Как правило, в начале процесса эпистолярного дружеского общения в письмах всех указанных авторов присутствует русский язык, первоначально не содержащий иноязычных включений. Таковы первые письма А.С.Пушкина П.А.Вяземскому, В.А.Жуковскому и др. Такие послания, казалось бы, по тону весьма далеки от официальных обращений, но в то же время поначалу в них звучат ноты принужденности, а также ясно вырисовывается желание адресанта ее устранить. Данное утверждение могут подтвердить и слова в одном из первых писем Е.А.Баратынского П.А.Вяземскому: «Сближение с вами есть живейшее мое желание, и мне очень хочется напроситься на доброе ваше расположение» [Баратынский, 1987, с.164]. Это и несколько следующих посланий поэта к князю Вяземскому сохраняют свою чистоту от французских и других интеркаляций. Подобные начальные послания из общего корпуса переписки, по нашему мнению, можно было бы отнести к переходному типу от официальных к дружеским, однако они все же более тяготеют к дружеским, тем более что указанные письма, как правило, продолжают уже начавшееся до эпистолярного личное неофициальное общение. Обычно вскоре после первых «промежуточных» посланий двуязычное мышление адресантов дает о себе знать и в письмах появляются французские фразеологизмы, цитаты и т.п. В качестве иллюстраций могут быть приведены следующие предложения из вышеуказанной переписки:
Роман его, soit disant, вроде Жильблаза, заключает в себе одну только характерную черту: посвящение министру юстиции (soit disant - 'так сказать').

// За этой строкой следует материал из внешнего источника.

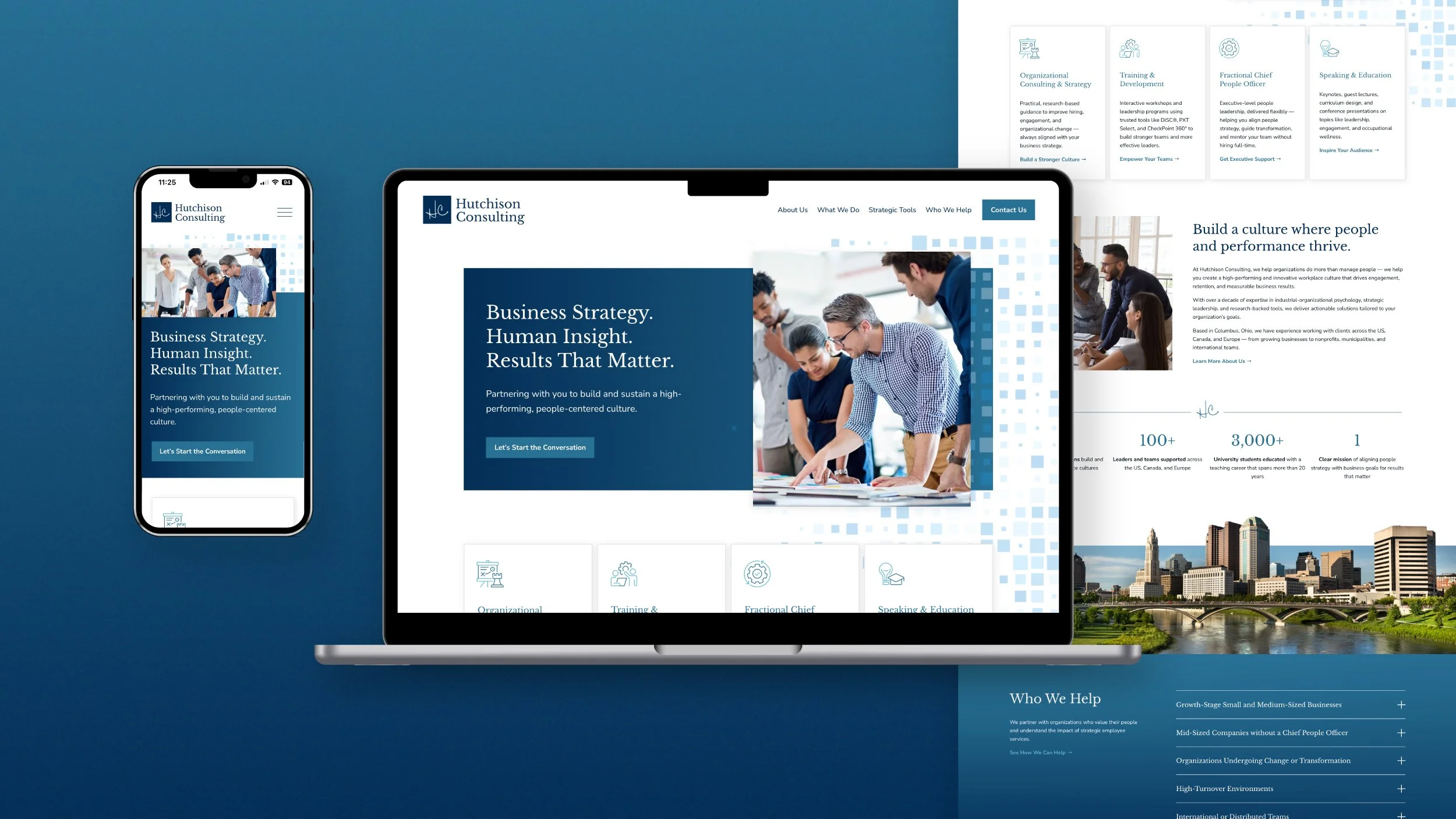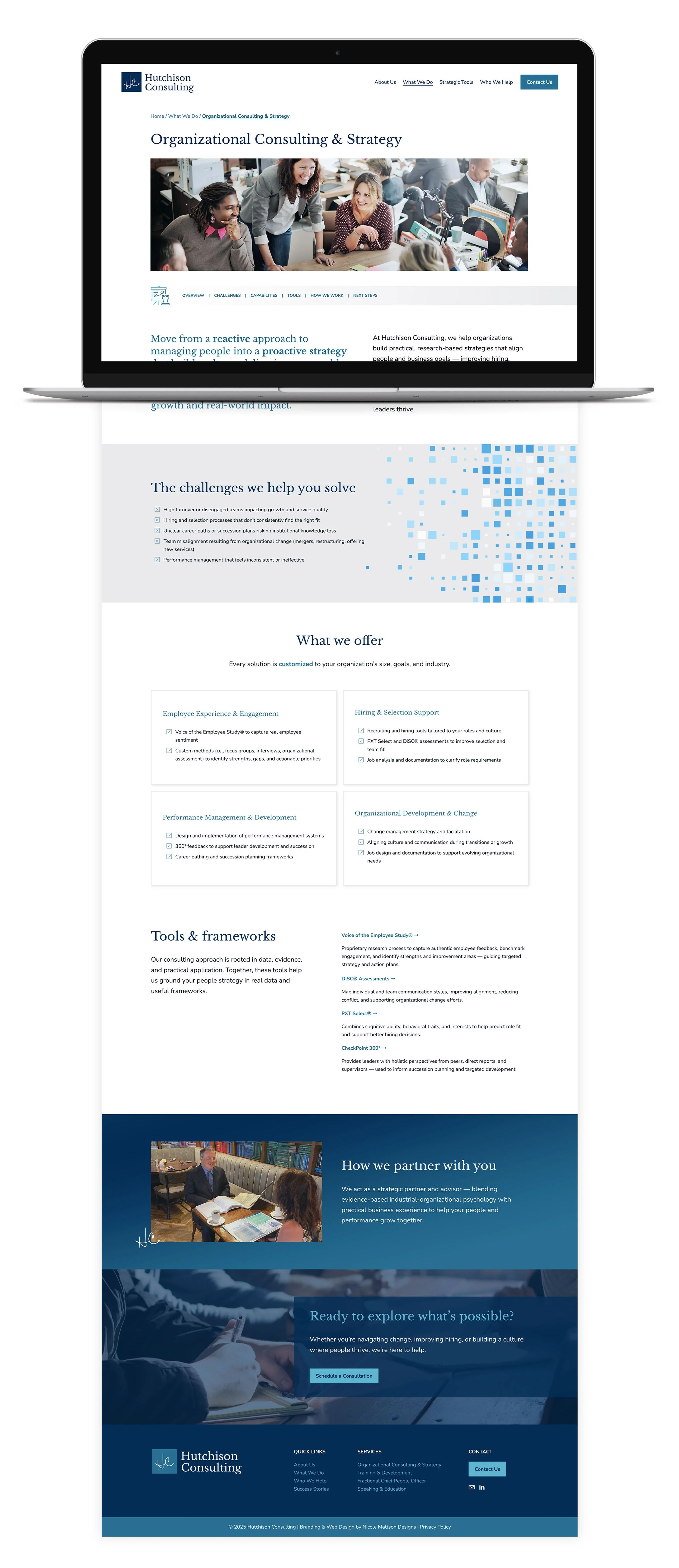 This project brought together branding, web design, and UX strategy into a cohesive transformation for Hutchison Consulting. By combining research-driven information architecture with a modern, professional visual identity, we delivered a site that is clear, scalable, and deeply aligned with Hutchison’s mission of creating high-performance cultures.

[Баратынский, 1987, с.180]. Вы имеете право сказать: on se m'arrache (on se m'arrache - 'меня разрывают на части').
[Баратынский, 1987, с.182]. Такому свободному включению иноязычных элементов способствовали не только близкие дружеские отношения, исключавшие церемонность как в общении, так и в языке, но и речевая практика дворянских салонов, а также готовые речевые формулы французского языка, имевшие широкое распространение в аристократической среде той эпохи. По словам И.Паперно, в рассматриваемый период, «чтобы облечь мысли в русскую форму, нужно было совершить некоторое творческое усилие, французскую они принимали автоматически».
Тем не менее, судя по имеющимся в нашем распоряжении сведениям, потребность в общении на родном языке, потребность в совершении этого творческого усилия была очень сильна среди культурной элиты российского общества. Одним из доказательств этого утверждения может служить эпизод из переписки Е.А.Баратынского с И.И.Козловым, относящийся к 1825 году, первое письмо к которому было написано по-французски. Французский язык, в основном игравший роль этикетного, на первый взгляд, кажется не вполне уместным в дружеском письме, содержащем типичные для этого жанра обращения «мой дорогой друг», «мой любезный Козлов». Однако следующее послание Баратынского содержит объяснение, раскрывающее причины подобного несоответствия:
Благодарю за милое письмо, очень рад, что, начиная писать ко мне по-русски, вы и меня разрешаете на то же. По большей части мы говорили с вами по-французски, оттого-то я и начал с вами переписку на языке, которого от долгого неупотребления я позабыл правописание и самые обороты. Возвращаюсь вместе с вами на отечественную почву.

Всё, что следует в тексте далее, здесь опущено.